'''

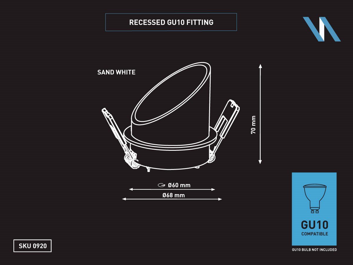 - afdichting IP20 - product kleur zand wit - afm. Ø 68 x 70mm - inbouwdiameter ø 60mm - materiaal aluminium - fitting GU10 - inclusief keramiek lamphouder - lichtbron bulb niet inclusief - geschikt voor binnen - een bulb invoer - voltage 220-240V - SKU 00920 SKU353
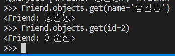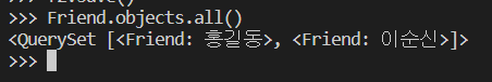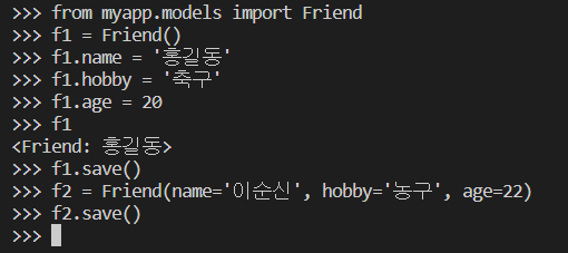f1이라는 변수명에 Friend() 객체의 인스턴스를 생성해주었고, 각 필드의 값을 넣어주었다. f1 인스턴스는 하나의 레코드(행)을 의미한다. 인스턴스에 레코드를 만들어주고 나면 반드시 .save()를 해주어야 DB에 반영이 된다.
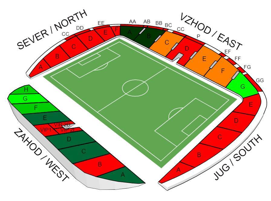 Tako je na vzhodni tribuni na voljo še okrog 700 vstopnic, čez 1600 praznih sedežev pa na morebitne kupce čaka na zahodni tribuni, in sicer v sektorjih H, G, F in E v prav takšnem vrstnem redu.
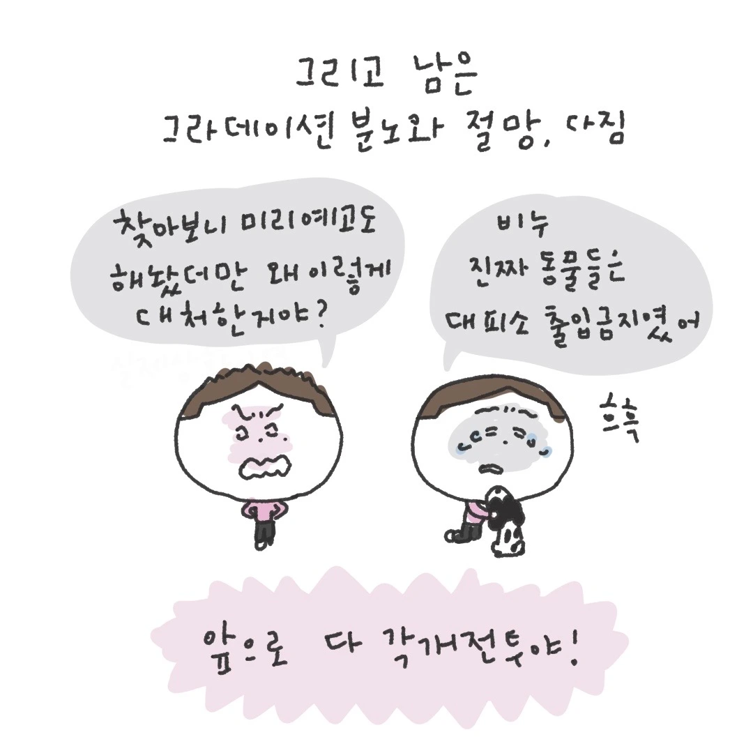 집으로 돌아온 저는 잠깐 침대에 누워 재난대피가방을 검색하고 대피소에 강아지와 함께 갈 수 있는지를 검색해 보았습니다. 몸에 힘이 빠져나가는 아침이네요 일단 몸과 마음에 평화를 좀 찾고 일상을 이어 나가보겠습니다
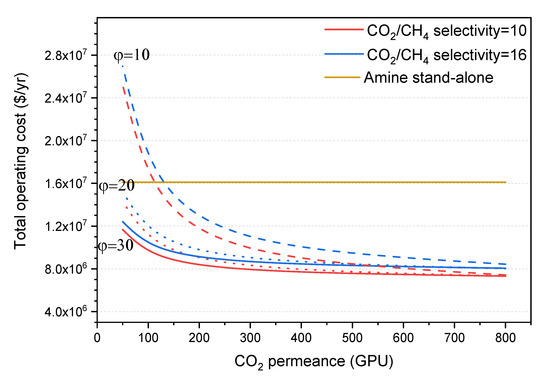 In our work, an economic study is conducted for a hybrid one-stage membrane/amine process (hereafter referred to as “hybrid process”) and compared to a stand-alone amine process at a typical natural gas feed composition. The membrane unit assumed containing a superglassy membrane with a CO2 permeance in the range 50–800 GPU and a CO2/CH4 selectivity between 6 and 32, at three different feed pressures: 900, 600, and 300 psi. The permeate pressure is kept at 30 psi so the pressure ratio values () are 30, 20, and 10, respectively. Recommendations for the required performance of the polymer leading to economic feasibility are provided, so that future research is geared towards the production of MMMs with target long-term CO2 permeance and CO2/CH4 selectivity.
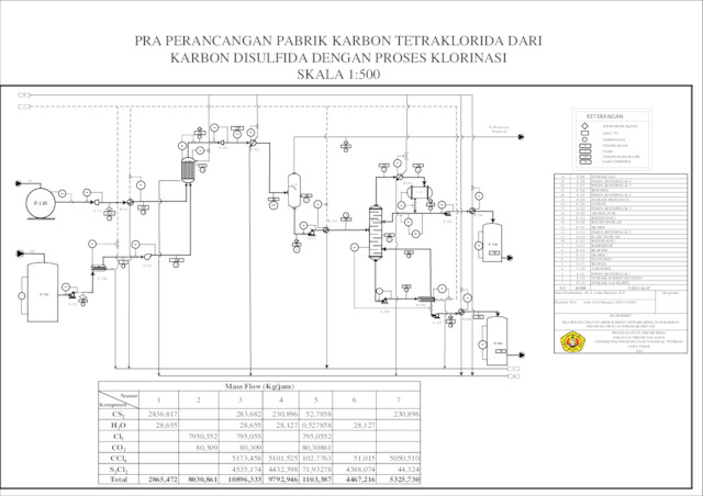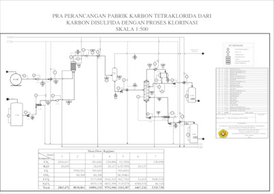 Pabrik Cabon Tetrachloride dari Carbon Disulfide dan Chlorine dengan Proses Klorinasi dengan kapasitas 40.000 ton/ tahun akan didirikan didirikan di Desa Rawa Arum, Purwakarta, Cilegon, Banten. Pabrik ini beroperasi selama 24 jam dalam sehari, 330 hari dalam setahun dengan bahan baku yang digunakan yaitu carbon disulfide dan chlorine. Carbon tetrachloride secara luas digunakan sebagai pelarut dalam industri karet, Digunakan sebagai pelarut dalam bahan kimia dan industri obat, Digunakan sebagai pelarut dalam industri cat, Digunakan sebagai anthelmintic untuk parasit dalam praktek kedokteran. Pada tahap persiapan bahan baku, carbon disulfida liquid dari tangki penyimpanan dengan suhu 30oC pada tekanan 1 atm dialirkan dengan bantuan pompa sentrifugal menuju vaporizer untuk diuapkan sampai suhu 120oC. Uap carbon disulfida yang keluar dari vaporizer dialirkan menggunakan blower menuju reaktor. Sedangkan Cl2 dari tangki penyimpanan sebelum masuk reaktor dilewatkan expander untuk menurunkan tekanan menjadi 1 atm dan dilewatkan heater untuk menaikkan suhu menjadi 120oC supaya suhu Cl2 sesuai dengan kondisi operasi reaktor. Pada tahap ini carbon disulfida dan klorin dialirkan menuju reaktor dan direaksikan dalam reaktor pada suhu 120oC dan tekanan 1 atm, serta reaksi bersifat eksotermis sehingga membutuhkan proses pendinginan untuk menjaga agar kondisi operasi didalam reaktor tetap stabil. Sebelum masuk flash distilasi campuran bahan diturunkan tekananya menjadi 0,9 atm menggunakan kompresor dan didinginkan mengunakan kondensor sampai temperature 50oC. Didalam flash distilasi terjaadi pemisahan antara gas Cl2 yang lebih banyak (bagian atas) dan liquid (bagian bawah yang mengandung S2Cl2, CCl4 ). Fase liquid dialirkan menuju kolom distilasi menggunakan pompa dan dipanaskan menggunakan heater hingga bubble point nya, yaitu 86oC, didalam kolom distilasi terjadi proses pemisahan campuran berdasarkan perbedaan titik didihnya, dimana didapatkan produk atas yaitu CCl4, dan produk bawah S2Cl2. Pada produk atas sebelum masuk tangki penyimpanan produk CCl4 didinginkan menggunakan cooler dan dialirkan menggunakan pompa . Untuk produk bawah mengandung S2Cl2 Sebelum masuk tangki penyimpanan produk dilakukan pendinginan menggunakan cooler dan dialirkan menggunakan pompa. Perencanaan Operasi : - Kapasitas pabrik : 40.000 ton/tahun - Bahan baku : Carbon Disulfide dan Klorin - Bentuk perusahaan : Perseroan Terbatas (PT) - Struktur Organisasi : Garis dan Staff - Jumlah tenaga kerja : 116 Orang - Lokasi Pabrik : Desa Rawa Arum, Cilegon, Banten - Fixed Capital Investment : Rp. 8.070.865.067.664 - Working Capital Investment : Rp. 2.061.273.200.457 - Total Capital Investment : Rp. 10.234.483.099.113 - Internal Rate of Return : 22 % - ROI (Sebelum Pajak) : 36% - ROI (Setelah Pajak) : 27% - Pay of Period : 4 Tahun 5 Bulan - Break Event Point : 37,8 %
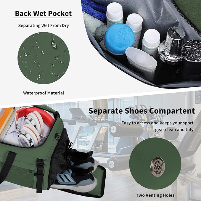 - Dry & Wet Compartment Separation: This gym tote delivers spacious storage with 1 large main zippered compartment for dry & clean clothes or everything for gym & traveling you necessary, and 1 upgraded waterproof PVC lined pocket (20" x 13") with zipper for wet items alongside the main compartment, in addition.

'''

Reproduce the listing verbatim, and keep the pictures out of the copy.

 - afdichting IP20 - product kleur zand wit - afm. Ø 68 x 70mm - inbouwdiameter ø 60mm - materiaal aluminium - fitting GU10 - inclusief keramiek lamphouder - lichtbron bulb niet inclusief - geschikt voor binnen - een bulb invoer - voltage 220-240V - SKU 00920 SKU353
f1이라는 변수명에 Friend() 객체의 인스턴스를 생성해주었고, 각 필드의 값을 넣어주었다. f1 인스턴스는 하나의 레코드(행)을 의미한다. 인스턴스에 레코드를 만들어주고 나면 반드시 .save()를 해주어야 DB에 반영이 된다.
 Tako je na vzhodni tribuni na voljo še okrog 700 vstopnic, čez 1600 praznih sedežev pa na morebitne kupce čaka na zahodni tribuni, in sicer v sektorjih H, G, F in E v prav takšnem vrstnem redu.
 집으로 돌아온 저는 잠깐 침대에 누워 재난대피가방을 검색하고 대피소에 강아지와 함께 갈 수 있는지를 검색해 보았습니다. 몸에 힘이 빠져나가는 아침이네요 일단 몸과 마음에 평화를 좀 찾고 일상을 이어 나가보겠습니다
 In our work, an economic study is conducted for a hybrid one-stage membrane/amine process (hereafter referred to as “hybrid process”) and compared to a stand-alone amine process at a typical natural gas feed composition. The membrane unit assumed containing a superglassy membrane with a CO2 permeance in the range 50–800 GPU and a CO2/CH4 selectivity between 6 and 32, at three different feed pressures: 900, 600, and 300 psi. The permeate pressure is kept at 30 psi so the pressure ratio values () are 30, 20, and 10, respectively. Recommendations for the required performance of the polymer leading to economic feasibility are provided, so that future research is geared towards the production of MMMs with target long-term CO2 permeance and CO2/CH4 selectivity.
 Pabrik Cabon Tetrachloride dari Carbon Disulfide dan Chlorine dengan Proses Klorinasi dengan kapasitas 40.000 ton/ tahun akan didirikan didirikan di Desa Rawa Arum, Purwakarta, Cilegon, Banten. Pabrik ini beroperasi selama 24 jam dalam sehari, 330 hari dalam setahun dengan bahan baku yang digunakan yaitu carbon disulfide dan chlorine. Carbon tetrachloride secara luas digunakan sebagai pelarut dalam industri karet, Digunakan sebagai pelarut dalam bahan kimia dan industri obat, Digunakan sebagai pelarut dalam industri cat, Digunakan sebagai anthelmintic untuk parasit dalam praktek kedokteran. Pada tahap persiapan bahan baku, carbon disulfida liquid dari tangki penyimpanan dengan suhu 30oC pada tekanan 1 atm dialirkan dengan bantuan pompa sentrifugal menuju vaporizer untuk diuapkan sampai suhu 120oC. Uap carbon disulfida yang keluar dari vaporizer dialirkan menggunakan blower menuju reaktor. Sedangkan Cl2 dari tangki penyimpanan sebelum masuk reaktor dilewatkan expander untuk menurunkan tekanan menjadi 1 atm dan dilewatkan heater untuk menaikkan suhu menjadi 120oC supaya suhu Cl2 sesuai dengan kondisi operasi reaktor. Pada tahap ini carbon disulfida dan klorin dialirkan menuju reaktor dan direaksikan dalam reaktor pada suhu 120oC dan tekanan 1 atm, serta reaksi bersifat eksotermis sehingga membutuhkan proses pendinginan untuk menjaga agar kondisi operasi didalam reaktor tetap stabil. Sebelum masuk flash distilasi campuran bahan diturunkan tekananya menjadi 0,9 atm menggunakan kompresor dan didinginkan mengunakan kondensor sampai temperature 50oC. Didalam flash distilasi terjaadi pemisahan antara gas Cl2 yang lebih banyak (bagian atas) dan liquid (bagian bawah yang mengandung S2Cl2, CCl4 ). Fase liquid dialirkan menuju kolom distilasi menggunakan pompa dan dipanaskan menggunakan heater hingga bubble point nya, yaitu 86oC, didalam kolom distilasi terjadi proses pemisahan campuran berdasarkan perbedaan titik didihnya, dimana didapatkan produk atas yaitu CCl4, dan produk bawah S2Cl2. Pada produk atas sebelum masuk tangki penyimpanan produk CCl4 didinginkan menggunakan cooler dan dialirkan menggunakan pompa . Untuk produk bawah mengandung S2Cl2 Sebelum masuk tangki penyimpanan produk dilakukan pendinginan menggunakan cooler dan dialirkan menggunakan pompa. Perencanaan Operasi : - Kapasitas pabrik : 40.000 ton/tahun - Bahan baku : Carbon Disulfide dan Klorin - Bentuk perusahaan : Perseroan Terbatas (PT) - Struktur Organisasi : Garis dan Staff - Jumlah tenaga kerja : 116 Orang - Lokasi Pabrik : Desa Rawa Arum, Cilegon, Banten - Fixed Capital Investment : Rp. 8.070.865.067.664 - Working Capital Investment : Rp. 2.061.273.200.457 - Total Capital Investment : Rp. 10.234.483.099.113 - Internal Rate of Return : 22 % - ROI (Sebelum Pajak) : 36% - ROI (Setelah Pajak) : 27% - Pay of Period : 4 Tahun 5 Bulan - Break Event Point : 37,8 %
 - Dry & Wet Compartment Separation: This gym tote delivers spacious storage with 1 large main zippered compartment for dry & clean clothes or everything for gym & traveling you necessary, and 1 upgraded waterproof PVC lined pocket (20" x 13") with zipper for wet items alongside the main compartment, in addition.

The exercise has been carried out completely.